Policy rate held at 2.25 percent; global risks weigh
The Bank of Canada's Governing Council maintained the policy interest rate at 2.25 percent. The decision reflects increased global economic uncertainty from the Middle East conflict and trade policy, alongside a soft Canadian economy and rising inflation.
Global headwinds, soft domestic economy
The Governing Council's decision to hold the policy rate at 2.25 percent comes amidst a complex global backdrop.
The ongoing conflict in the Middle East has intensified, leading to higher energy prices and disruptions in global supply chains, which are weighing on growth and pushing up inflation worldwide.
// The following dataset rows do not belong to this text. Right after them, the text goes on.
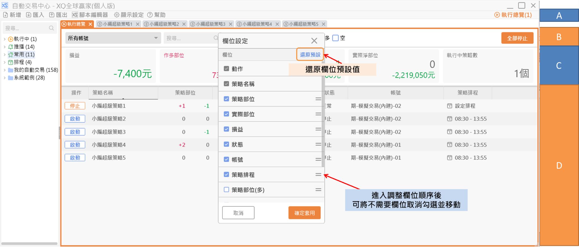 - 目前提供共12個欄位包含:動作、策略名稱、目標部位、實際部位、損益、狀態、帳號、策略排程、目標部位(多)、目標部位(空)、目標部位(多)、目標部位(空),預設值會將「動作及策略名稱」強制開啟,其餘欄位可按照大家的需求來調整順序
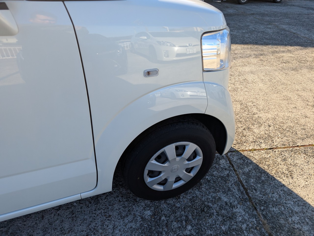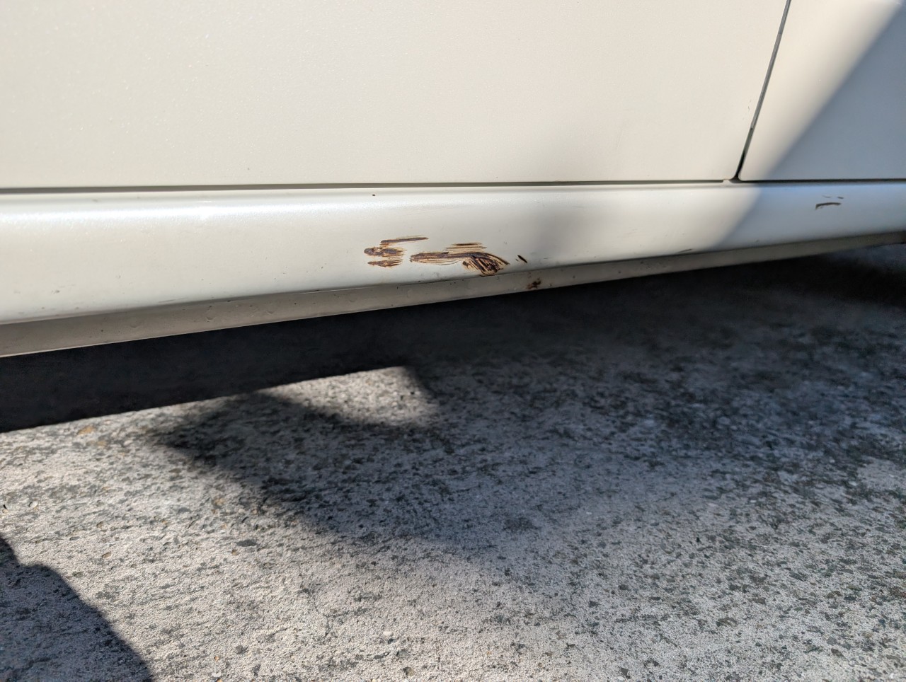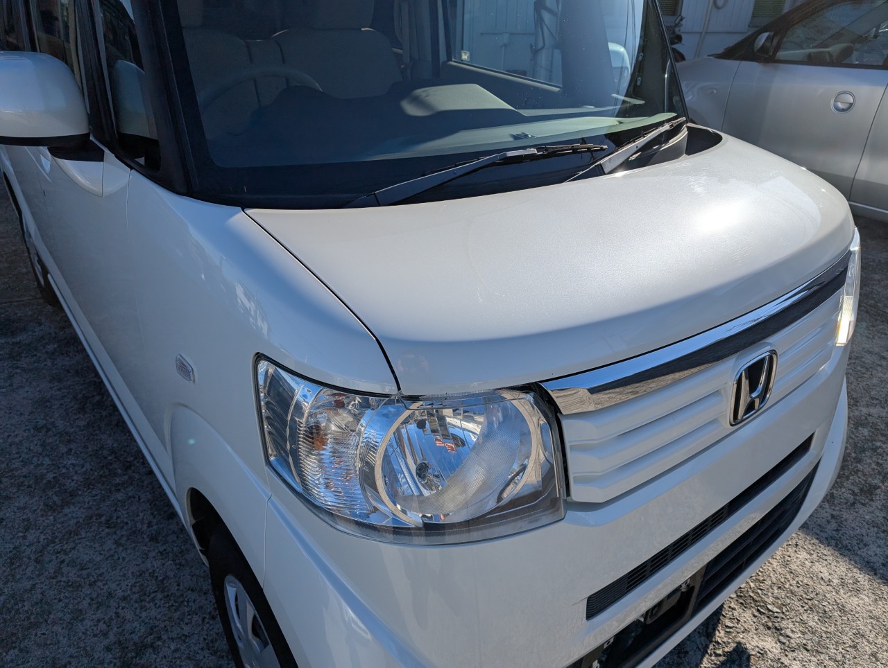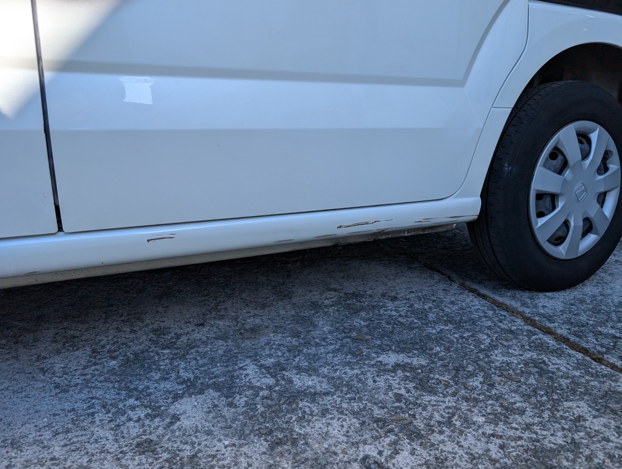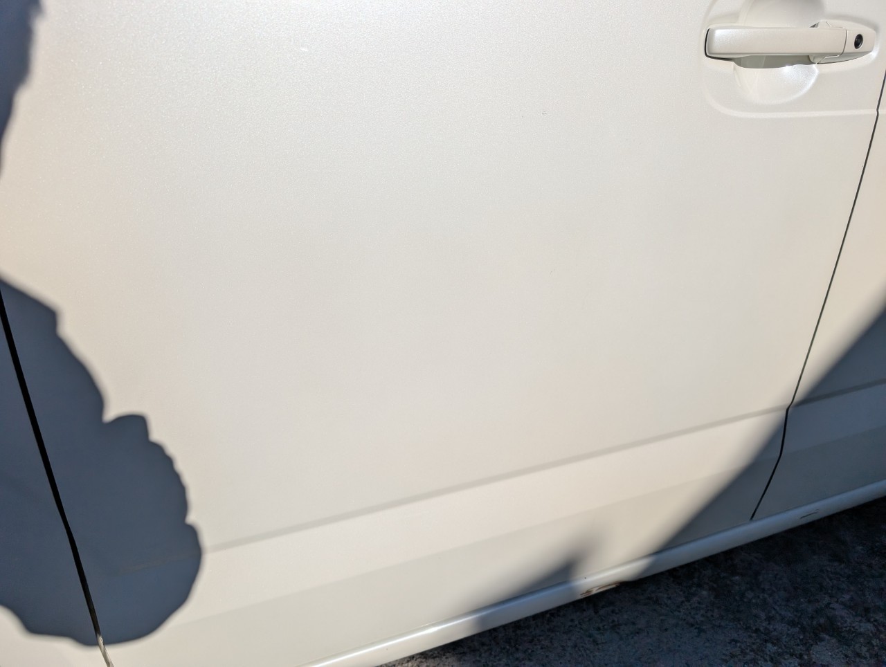 左の下側の外装に凹みサビあり。板金すると原価が高くなるのでタッチペンで補修します。 - ヘッドライドをクリア塗装しましたので、数年間は黄ばみとは無縁かと思います。
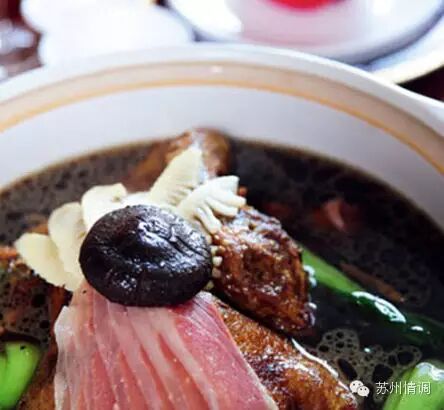 母游船鸭便是苏州船宴的佼佼者。整只鸭子走油后,放入香菇、冬笋、猪肉丝等辅料,浇入苏州著名的母油(选优质酱油从三伏晒制到秋天后,挑其中最好的一层"母油"),在砂锅中煨制,原汁原味,香飘十里。
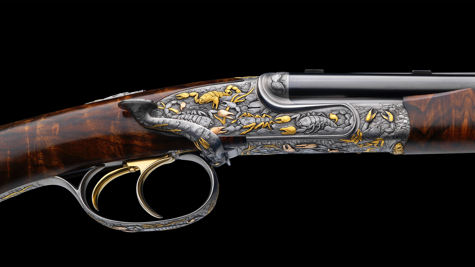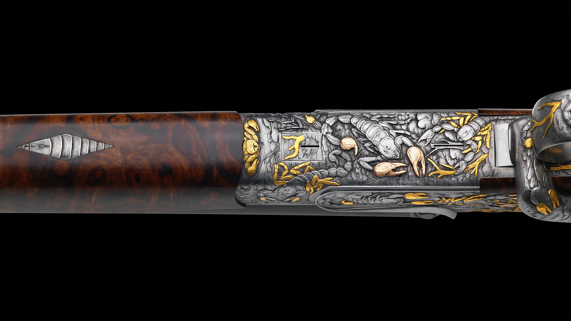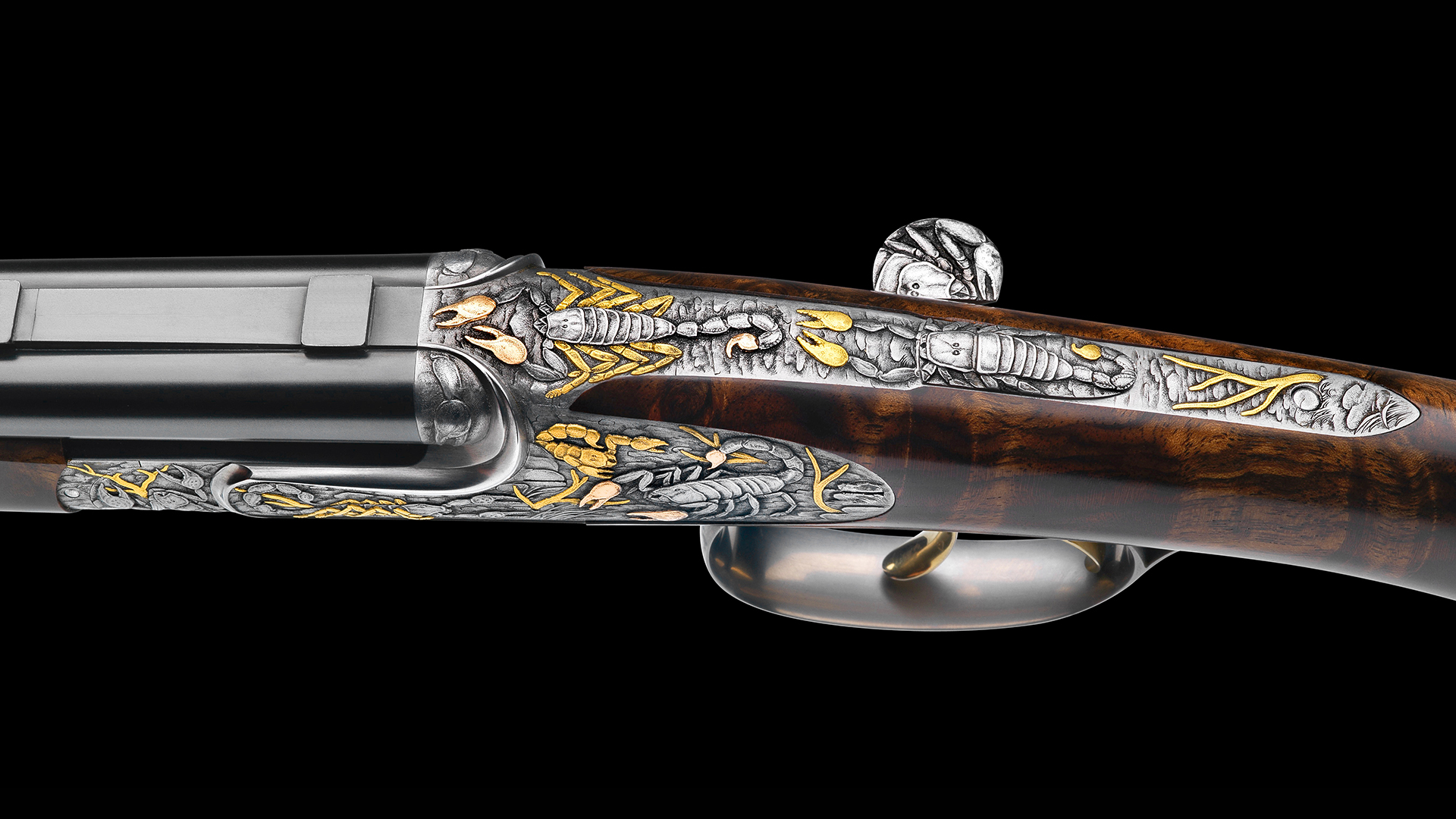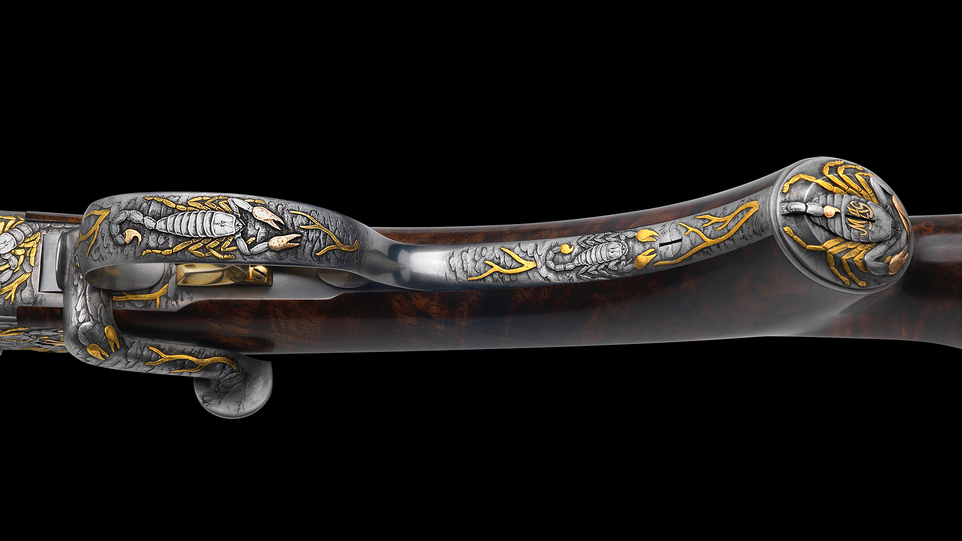 Auch die künstlerische Gestaltung zeugt von einzigartiger Genialität, wurde doch der Skorpion bewusst ob dessen Größe gewählt, um dieses Meisterwerk der Büchsenmacherkunst zu zieren. Das hier dargestellte Tier ebenso wie die Waffe selbst sollten trotz deren geringer Größe nicht unterschätzt werden. Es ist zweifelsohne ein wahrer Genuss, mit dieser perfekt ausbalancierten Doppelbüchse zu schießen und deren äußerst gelungene und kontrastreiche Gravurausführung mit Goldeilangen zu bewundern.
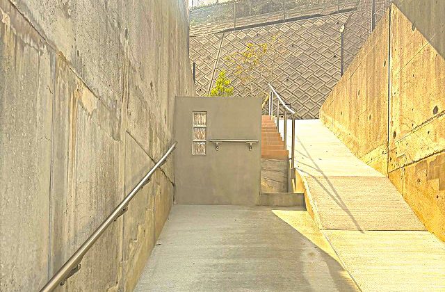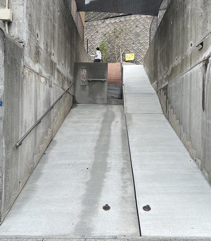 道路に接している既存の階段を解体し駐車スペースを確保し、土間コンクリートを打設。表面を滑りにくい刷毛引きで仕上げ駐車スペースの増設が完成しました。階段からスロープになったことで雨水の流れが良くなりメンテナンス作業が楽になったとお喜びです。女性の方でも楽に歩行できるようにと手摺りの設置をご希望され、『LIXIL グリップライン壁付け仕様』を施工しました。駐車スペースのスロープと階段の区切りに施工した門柱にも手摺を設置しています。階段とスロープが並行している箇所には共有して使用できるように手摺り『LIXIL グリップライン柱仕様』を設置しています。手摺りの設置のメリットとして手摺りを支えにすることで転倒防止になり安全性の向上,雨や霜でスロープが滑りやすいときも、安定して移動できます。今は必要なくても、将来の安心のためにあらかじめ設置しておくことで高齢期への備えとなることなどが挙げられます。

Concurrently, elevated trade policy uncertainty persists due to new US tariffs.
Domestically, the Canadian economy experienced a weaker-than-expected first quarter, with GDP edging down 0.1 percent.
While consumer spending saw a 1.4 percent increase, housing activity and business investment remained weak, and government spending unexpectedly pulled back.
The labour market showed volatility, with employment little changed since the start of the year, despite the unemployment rate falling to 6.6 percent in May.
The Bank expects GDP growth to resume in the second quarter, driven by consumer spending and stable housing, but anticipates the economy will remain in excess supply.
Inflationary pressures, policy dilemma
CPI inflation rose to 2.8 percent in April, driven by higher energy prices and the statistical impact of the Canadian consumer carbon tax removal.
The Bank of Canada notes limited evidence of broad-based pass-through to other consumer prices, with core inflation measures around 2 percent.
Elevated oil prices, now roughly $10 a barrel higher than assumed in the April Monetary Policy Report, mean CPI inflation is expected to hover near 3 percent in coming months before gradually easing toward 2 percent.
The Bank's Governing Council agreed to "look through" the war's near-term impact on inflation, but remains vigilant against broad-based persistence.
The combination of economic weakness and rising inflation presents a policy dilemma, which the current unchanged rate balances.
Nimble policy in uncertain times
The Bank of Canada's decision reflects a delicate balancing act in an environment of unusually elevated uncertainty.
While the current hold aims to navigate immediate risks, the explicit mention of potential rate cuts due to trade restrictions or increases from persistent energy inflation highlights a highly conditional forward path.
This signals a central bank prepared for rapid adjustments, prioritizing flexibility over firm guidance amidst complex structural changes in the economy.